▶

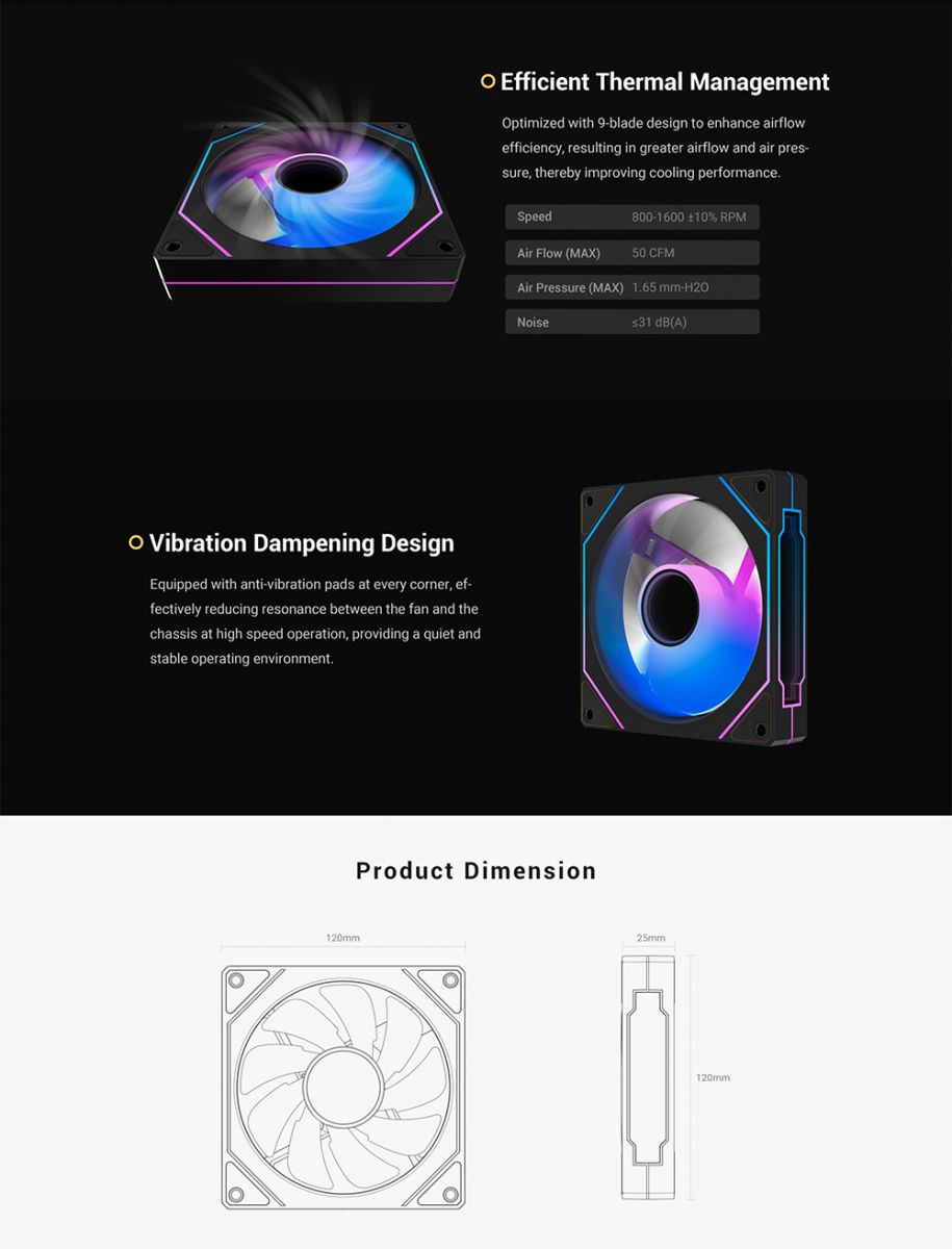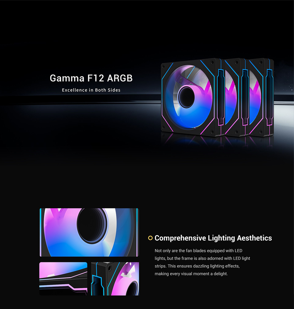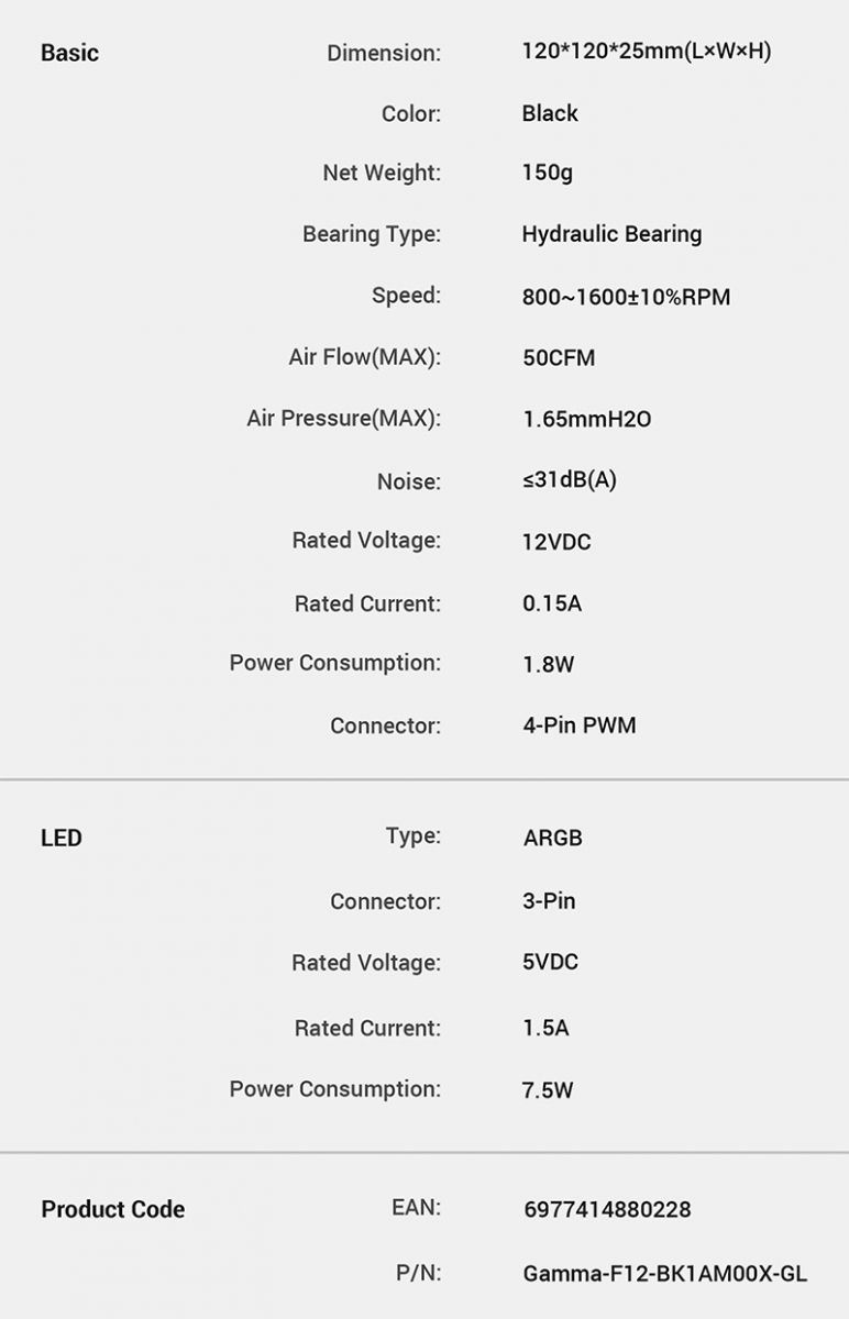(จองล่วงหน้า) พัดลมระบายความร้อน 120mm ไฟ ARGB, PWM ควบคุมอัตโนมัติ เสียงเงียบ 31dB ลมแรง 50 CFM ลูกปืน Hydraulic (GAMMA-F12-BK1AM00X-GL)
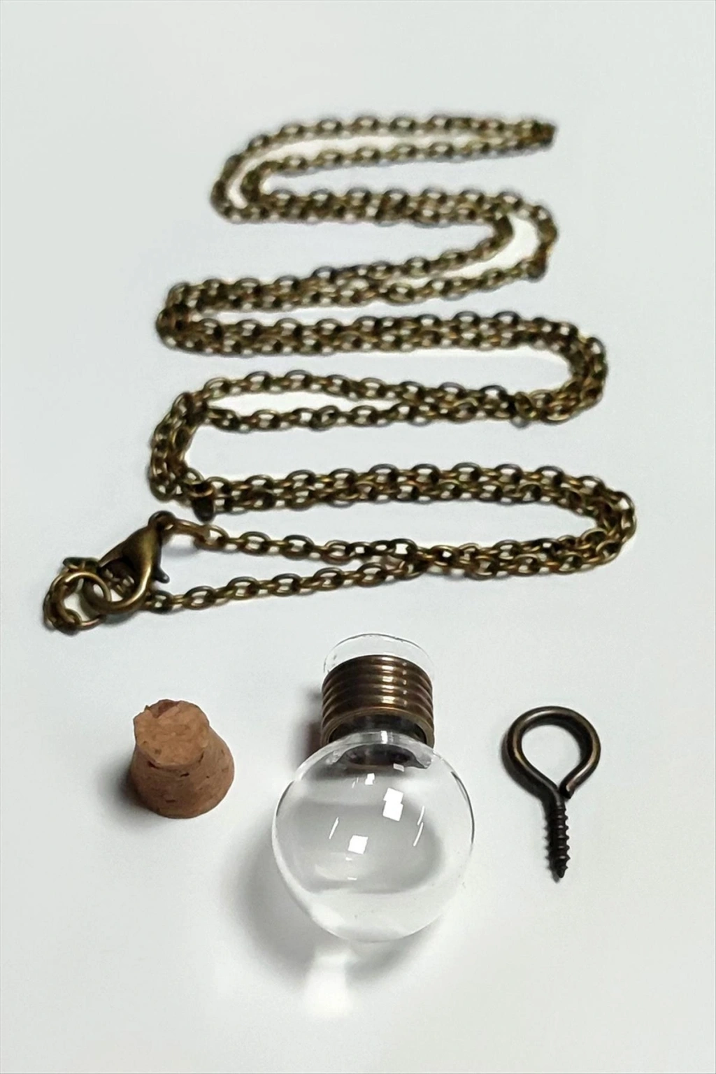 Kolye; Ürün malzemesi cam ve metaldir. Ürün cam boyu 17*25 mm ve zincir boyu 60 cmdir. Ürün demonte şeklinde gönderilecektir. İstediğiniz aparatı içine koyarak kullanabilirsiniz.
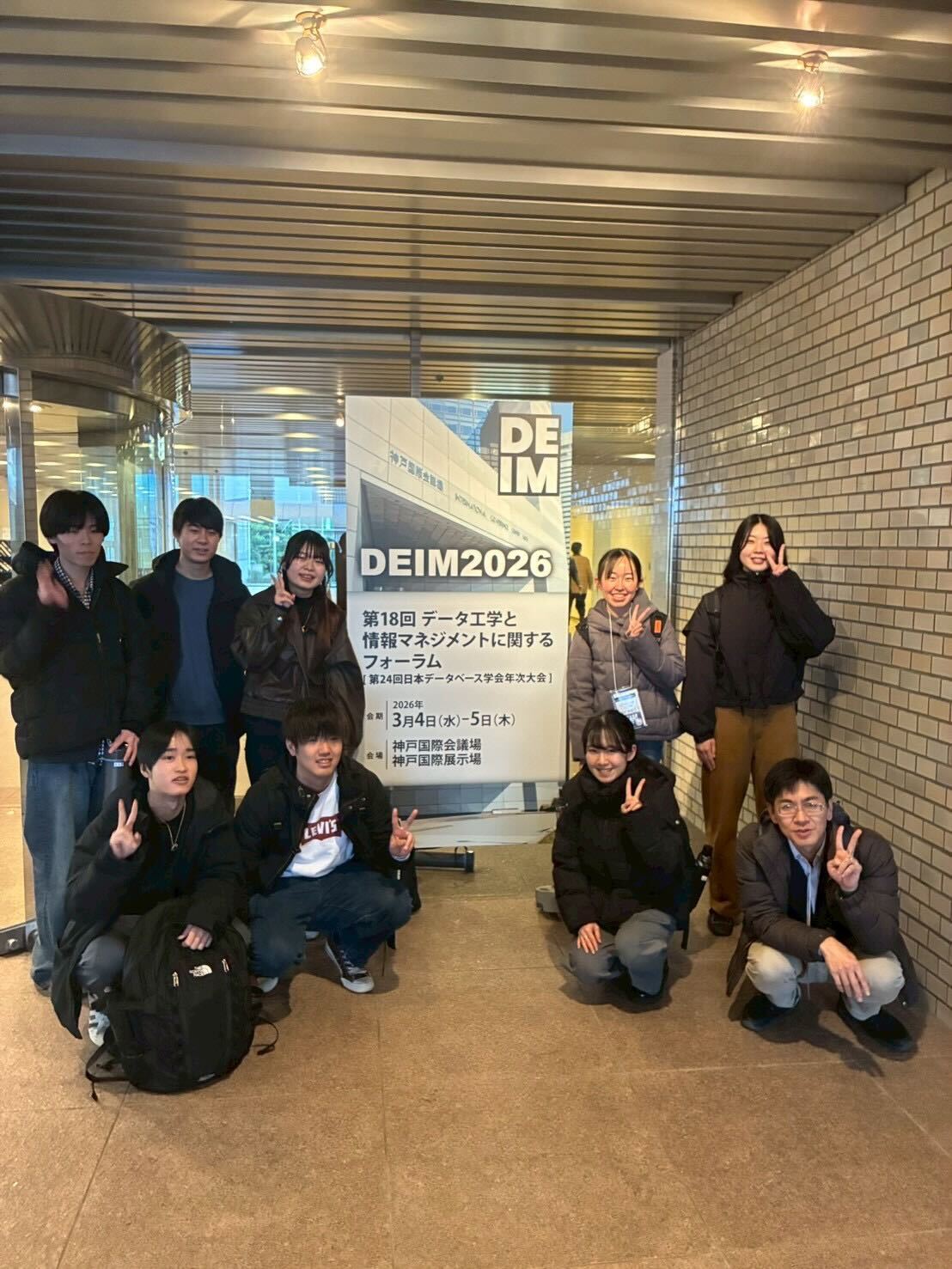 2026年2月28日から3月5日にかけて、オンラインおよび神戸国際会議場・展示場にて開催された第18回データ工学と情報マネジメントに関するフォーラム(DEIM2026)で、山本研究室のメンバー8名が発表しました。
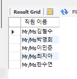 -- 이름 앞에 'Mr/Ms' 를 추가하세요
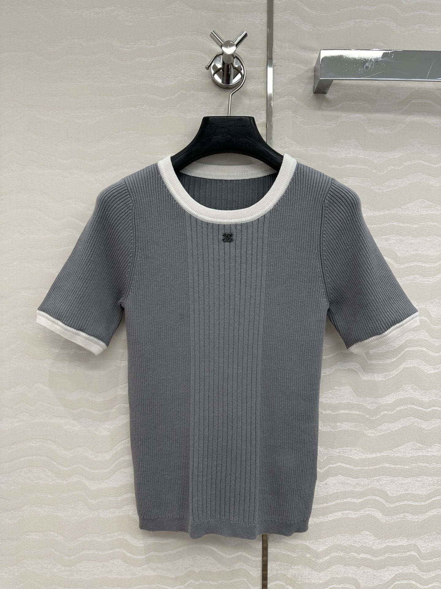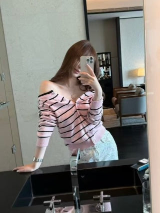 CC 25 Striped One-shoulder Short-sleeved T-shirt Cotton
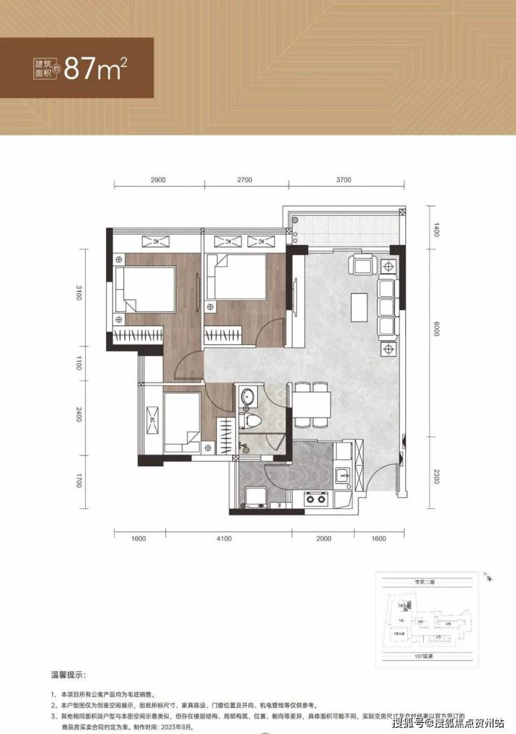 (2)住宅:44-63-87㎡,户型方正、带阳台、通燃气,适合刚需购房者。
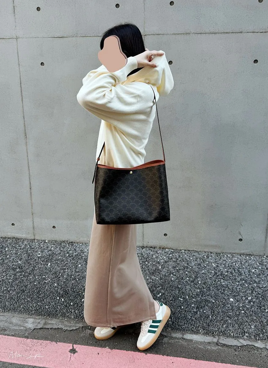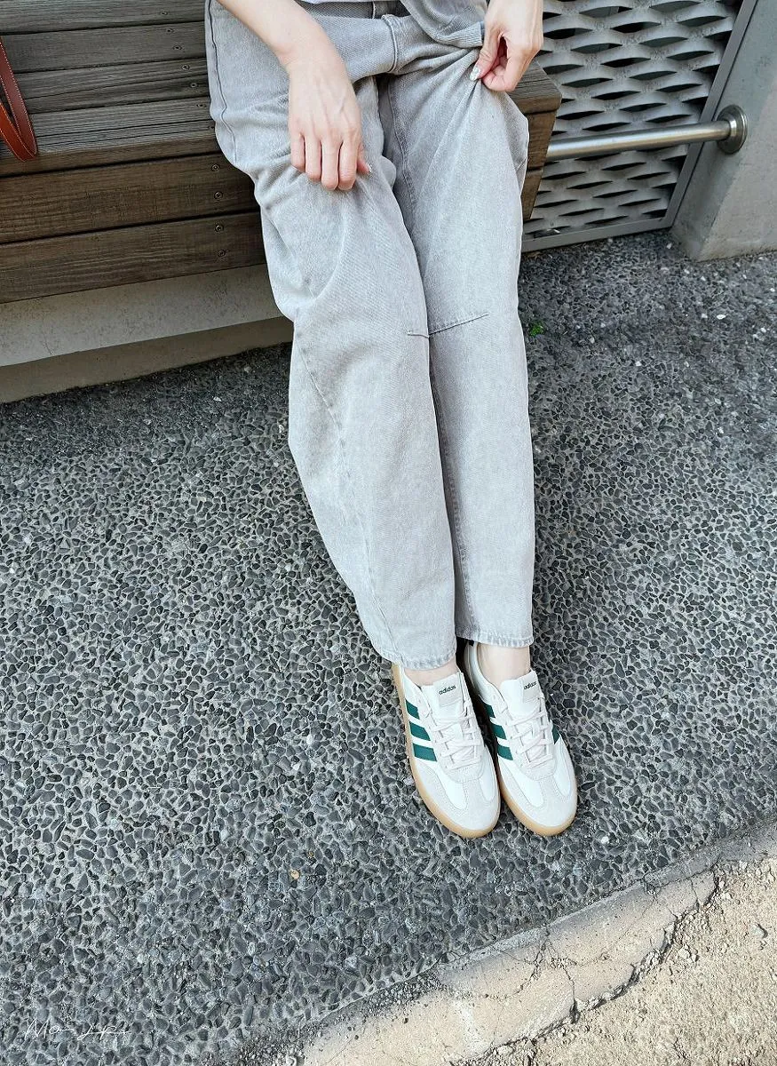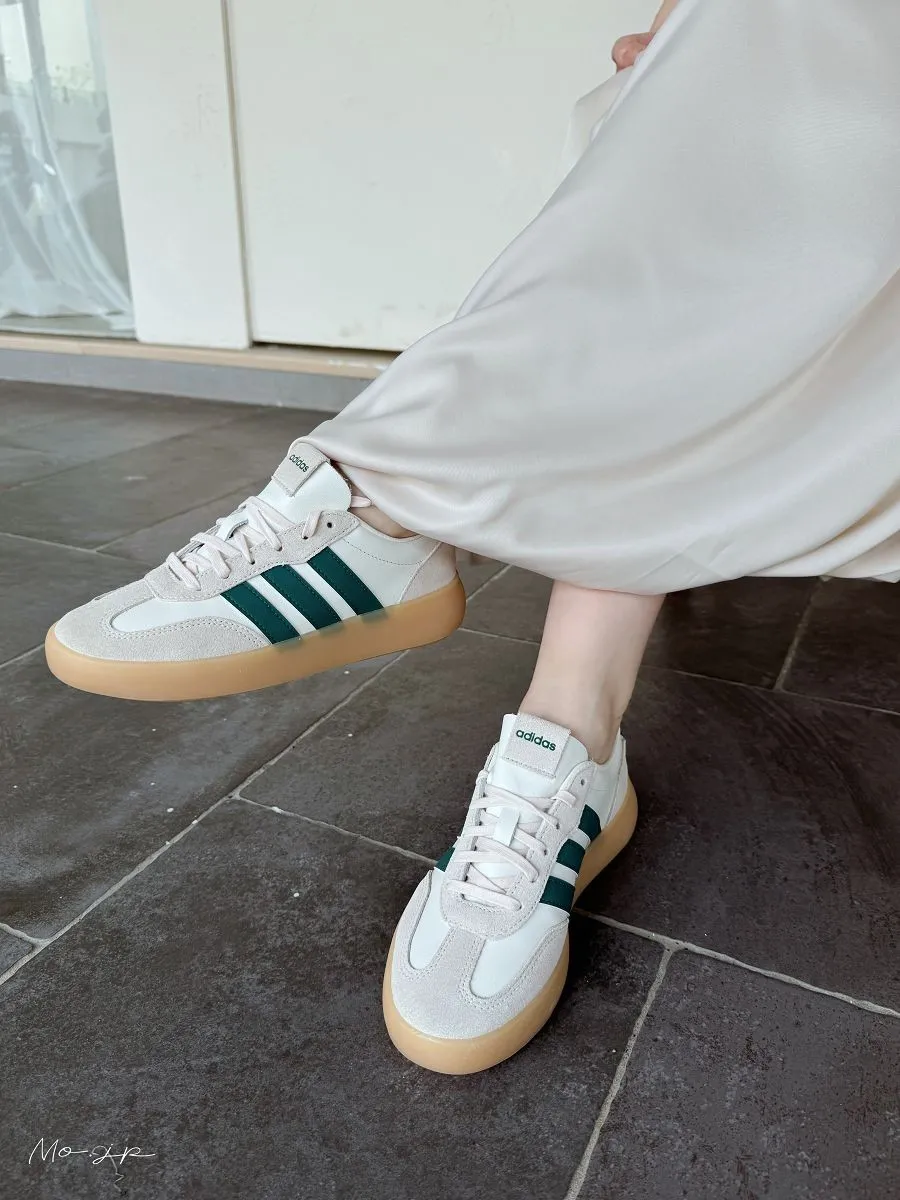 春天的燕麥米駝:搭配是經典QQ焦底、側邊是綠線、除了奶油極皮+淺灰色麂皮
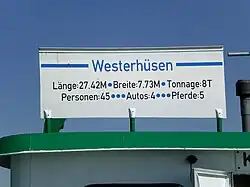 Das derzeit (Stand 2010) eingesetzte Fährboot hat eine Länge von 27,42 m und eine Breite von 7,73 m. Die Tonnage beträgt 8 t. Die Fähre ist für 45 Personen oder 4 Autos oder 5 Pferde zugelassen.

◀

▶ [Task description]
Only the lines from the one that contains "春天的燕麥米駝:搭配是經典QQ焦底、側邊是綠線、除了奶油極皮+淺灰色麂皮" to the end of the records, inclusive, are to be quoted exactly, with pictures excluded.

▶ [Reply to the exercise]
 春天的燕麥米駝:搭配是經典QQ焦底、側邊是綠線、除了奶油極皮+淺灰色麂皮
 Das derzeit (Stand 2010) eingesetzte Fährboot hat eine Länge von 27,42 m und eine Breite von 7,73 m. Die Tonnage beträgt 8 t. Die Fähre ist für 45 Personen oder 4 Autos oder 5 Pferde zugelassen.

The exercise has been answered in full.